REPORTER: The men have explained that they came from North Korea to fish, but what is the Government’s view of their nationality and their purpose in coming into the vicinity of Japan?

CHIEF CABINET SECRETARY SUGA: As I have already noted the relevant authorities are currently working together to investigate the details of this case.

REPORTER: I would like to return to the first topic of the law that was passed in the ROK. You stated that the Government has once again expressed its concerns, so can we consider that this was a protest? When and how was such an approach made to the ROK?

CHIEF CABINET SECRETARY SUGA: The Government strongly expressed its concerns to the ROK.

(Abridged)

REPORTER: Today I understand that Mr. Etsuro Honda, Ambassador of Japan to Switzerland, and Prof. Koichi Hamada, Special Advisor to the Cabinet, met with the Prime Minister and I imagine that economic policy was discussed. Could you tell us the specific purpose of the meeting and what was discussed?

CHIEF CABINET SECRETARY SUGA: Unfortunately I am not aware of the details.

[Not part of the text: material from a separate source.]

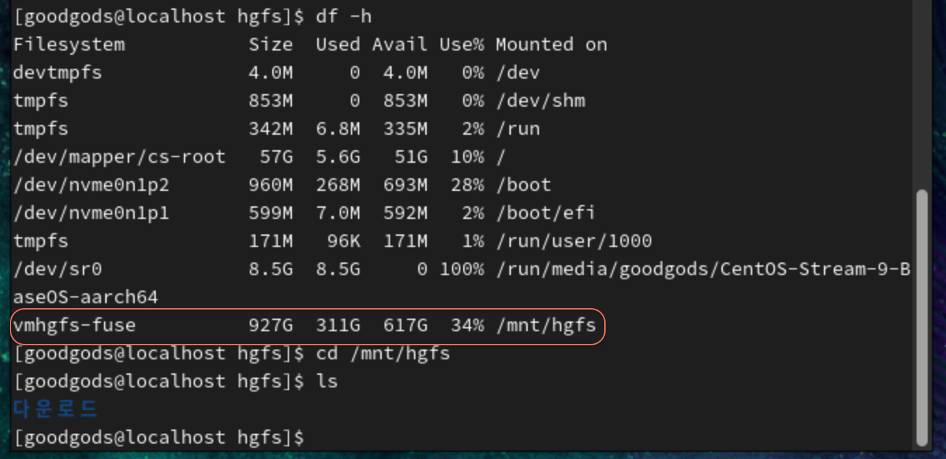 (4) 확인(df -h)

REPORTER: I would like to ask another question about the law passed by the National Assembly of the ROK. You stated that the Government has issued a strong protest. However, the Government has protested about this issue in the past so could you tell us what form the protest took on this occasion and whether it was of a similar strength to previous protests? Also, given a situation in which the United Nations has issued statements condemning North Korea and the United States has re-designated the country as a state sponsor of terrorism, I would have thought it imperative for Japan, the ROK and the United States to demonstrate strong solidarity in responding to North Korea on the international stage. Under such circumstances, this action to designate August 14 as a commemorative day seems all the more strange. Can you tell us whether the Government will be issuing a protest stronger than those in the past?

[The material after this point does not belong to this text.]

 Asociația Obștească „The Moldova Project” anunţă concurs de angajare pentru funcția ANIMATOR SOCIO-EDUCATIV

CHIEF CABINET SECRETARY SUGA: The Government considers this decision to be highly questionable and we have conveyed our message from this sentiment to the ROK.

REPORTER: I have a question on a different topic. In a press conference on November 23, Mr. Yukiya Amano, Director General of the International Atomic Energy Agency (IAEA), stated that the nuclear-related commitments undertaken by Iran with six countries in Europe and North America are being implemented. On the other hand, President Trump of the United States stated in October that he did not recognize that commitments were being implemented. This indicates a large discrepancy between the U.S. President and the IAEA, which is the verification and monitoring body, concerning the implementation of the agreement by Iran. Is it the view of the Government of Japan that Iran is implementing its nuclear-related commitments under the agreement?

CHIEF CABINET SECRETARY SUGA: Firstly, it is the case that the IAEA has issued a number of reports by the Director General concerning verification and monitoring of Iran’s commitments under the Joint Comprehensive Plan of Action (JCPOA), including the report that was issued on November 13. Meanwhile, President Trump referred to the JCPOA in the Iran strategy speech he gave in October. It is the Government’s understanding that it is not necessarily the view of the Government of the United States that Iran is not implementing its commitments under the agreement. Japan expects that the parties to the agreement will continue to implement the commitments and will continue to call on Iran to play a constructive role towards regional stability, including implementing its commitments under the agreement.